À mesure que la population pakistanaise vieillit et que le coût des soins de santé et des autres équipements augmente, il semble que nous devons prêter attention à l'augmentation des cas d'abandon parental. Le Pakistan est l'un des 15 pays du monde avec plus de 10 millions de personnes âgées. On estime qu'actuellement sept pour cent de la population (environ 14 millions) ont plus de 60 ans, selon un article Moving from the Margins: Promoting and Protecting The Rights of Older Persons in Pakistan, publié par le British Council et HelpAge International.

L'une des principales conclusions de la recherche concerne le droit à la protection sociale des personnes âgées. Il souligne la nécessité d'un soutien financier pour les seniors qui ne peuvent pas travailler. «La plupart croient que les familles devraient soutenir les personnes âgées émotionnellement et financièrement lorsqu'elles ne sont pas en mesure de travailler. Reconnaissant les difficultés que les familles peuvent rencontrer pour fournir un soutien financier à leurs membres plus âgés, beaucoup souhaiteraient qu'un soutien financier régulier soit fourni par le gouvernement, en particulier aux personnes âgées pauvres. Les allocations aux personnes âgées pauvres sont aujourd'hui limitées, en particulier dans les zones rurales et leur allocation est souvent affectée par la corruption. »
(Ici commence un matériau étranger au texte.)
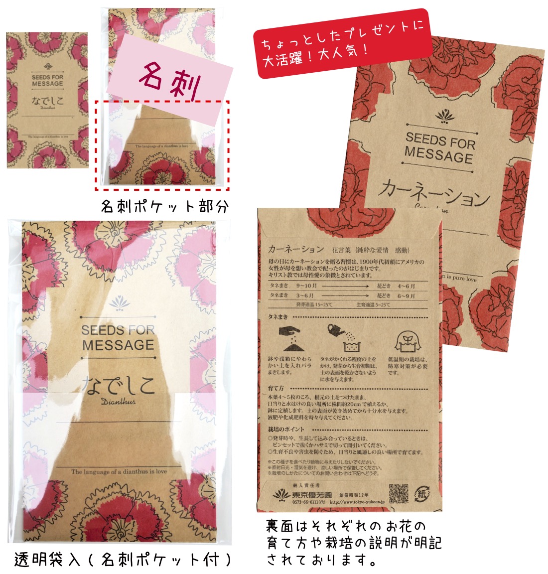 名刺ポケット付 花の種プチギフト 母の日 ホワイトデー バレンタインデー 景品 粗品 ギフト プチギフト 記念品 ノベルティー イベント プレゼント 店舗

En tant que signataire du Plan d'action de Madrid sur le vieillissement 2002, l'État doit se concentrer sur la sauvegarde d'une démographie qui est négligée dans le rythme rapide de la vie moderne. L'État et la société peuvent œuvrer à la réalisation des objectifs du plan, qui demande aux personnes âgées d'avoir un revenu sûr, un accès aux soins de santé, un lieu de vie sûr et une opportunité de participation communautaire.

«L'amour d'un parent est le seul qui soit inconditionnel», explique le Dr Afzal. «L'amour d'un enfant peut être conditionnel, l'amour d'une femme aussi, mais les parents ne veulent de leurs enfants que du temps et de la compagnie.

L'auteur est PDG de Dublu 11, une entreprise de communication.